Leaving the pictures aside, repeat every line below exactly.

*** Opening of GIVEN INFORMATION ***

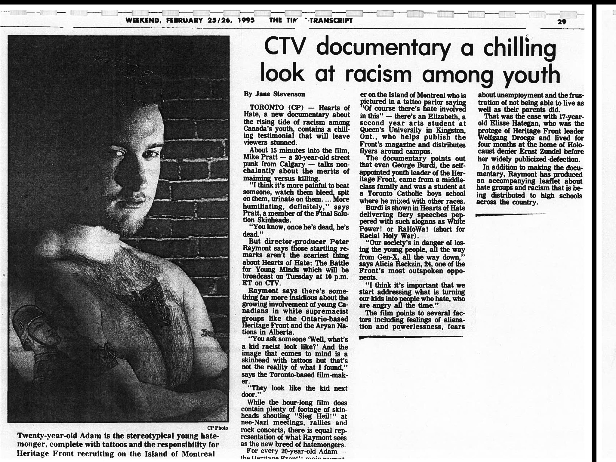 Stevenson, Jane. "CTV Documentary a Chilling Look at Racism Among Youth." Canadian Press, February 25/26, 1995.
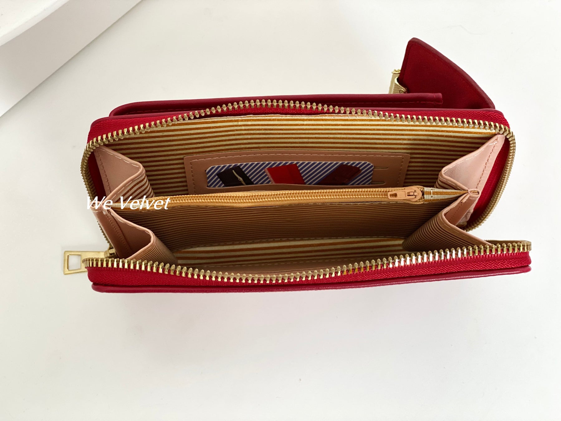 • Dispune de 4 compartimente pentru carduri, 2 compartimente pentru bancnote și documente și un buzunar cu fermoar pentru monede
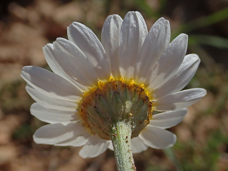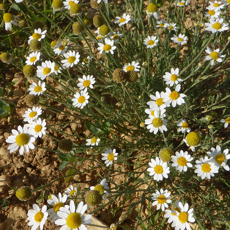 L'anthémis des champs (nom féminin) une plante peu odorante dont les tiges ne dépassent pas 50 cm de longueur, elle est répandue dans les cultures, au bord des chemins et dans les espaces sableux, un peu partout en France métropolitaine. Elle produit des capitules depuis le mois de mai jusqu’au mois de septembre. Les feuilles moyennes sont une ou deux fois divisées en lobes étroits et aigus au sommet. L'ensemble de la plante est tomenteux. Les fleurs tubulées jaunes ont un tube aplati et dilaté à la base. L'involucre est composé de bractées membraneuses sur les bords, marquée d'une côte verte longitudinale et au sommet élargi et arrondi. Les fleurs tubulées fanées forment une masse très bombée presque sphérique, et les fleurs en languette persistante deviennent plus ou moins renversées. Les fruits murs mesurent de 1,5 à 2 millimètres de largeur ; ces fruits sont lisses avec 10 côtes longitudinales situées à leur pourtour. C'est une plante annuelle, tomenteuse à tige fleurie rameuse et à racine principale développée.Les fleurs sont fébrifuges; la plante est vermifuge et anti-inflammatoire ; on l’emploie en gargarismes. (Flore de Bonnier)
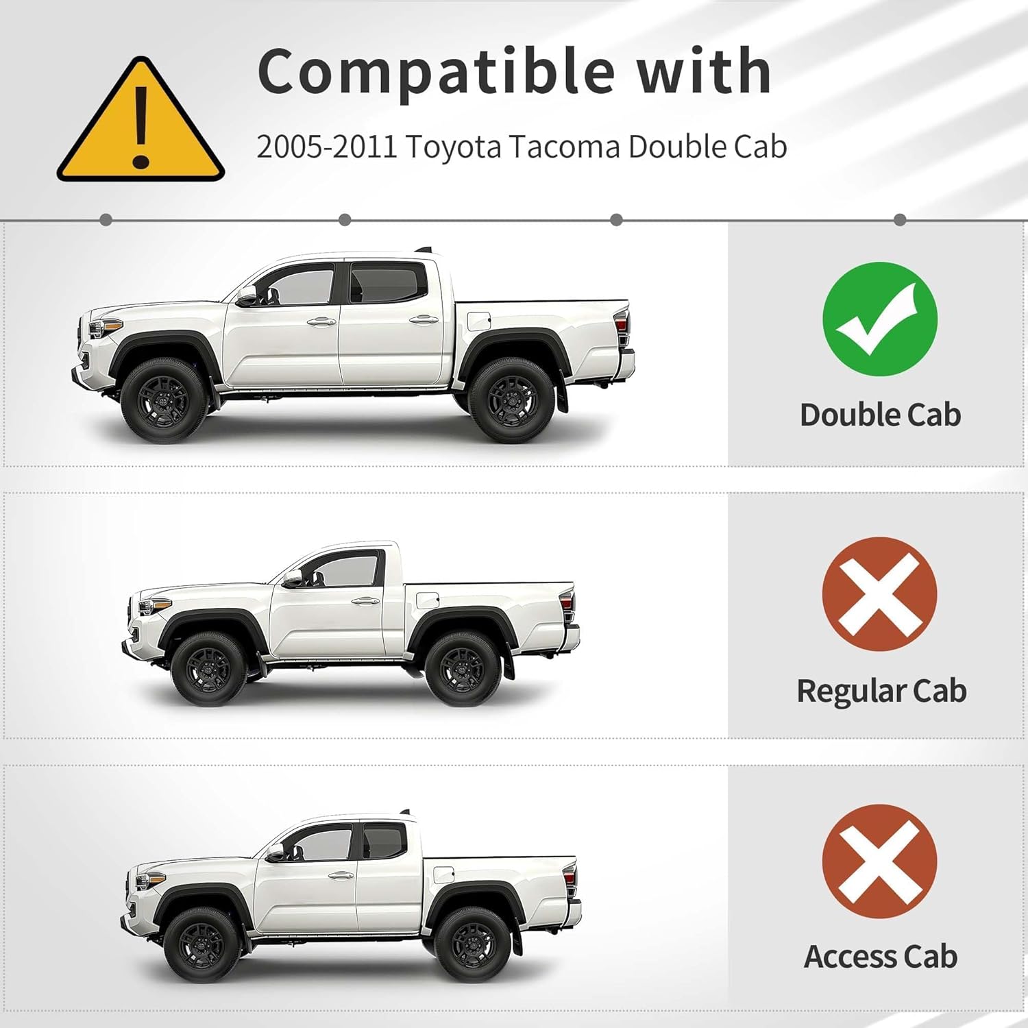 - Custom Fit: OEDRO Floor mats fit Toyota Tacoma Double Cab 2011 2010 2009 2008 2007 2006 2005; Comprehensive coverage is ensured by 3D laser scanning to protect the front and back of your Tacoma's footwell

*** Close of GIVEN INFORMATION ***

RESULT OF THE TASK >>
 Stevenson, Jane. "CTV Documentary a Chilling Look at Racism Among Youth." Canadian Press, February 25/26, 1995.
 • Dispune de 4 compartimente pentru carduri, 2 compartimente pentru bancnote și documente și un buzunar cu fermoar pentru monede
 L'anthémis des champs (nom féminin) une plante peu odorante dont les tiges ne dépassent pas 50 cm de longueur, elle est répandue dans les cultures, au bord des chemins et dans les espaces sableux, un peu partout en France métropolitaine. Elle produit des capitules depuis le mois de mai jusqu’au mois de septembre. Les feuilles moyennes sont une ou deux fois divisées en lobes étroits et aigus au sommet. L'ensemble de la plante est tomenteux. Les fleurs tubulées jaunes ont un tube aplati et dilaté à la base. L'involucre est composé de bractées membraneuses sur les bords, marquée d'une côte verte longitudinale et au sommet élargi et arrondi. Les fleurs tubulées fanées forment une masse très bombée presque sphérique, et les fleurs en languette persistante deviennent plus ou moins renversées. Les fruits murs mesurent de 1,5 à 2 millimètres de largeur ; ces fruits sont lisses avec 10 côtes longitudinales situées à leur pourtour. C'est une plante annuelle, tomenteuse à tige fleurie rameuse et à racine principale développée.Les fleurs sont fébrifuges; la plante est vermifuge et anti-inflammatoire ; on l’emploie en gargarismes. (Flore de Bonnier)
 - Custom Fit: OEDRO Floor mats fit Toyota Tacoma Double Cab 2011 2010 2009 2008 2007 2006 2005; Comprehensive coverage is ensured by 3D laser scanning to protect the front and back of your Tacoma's footwell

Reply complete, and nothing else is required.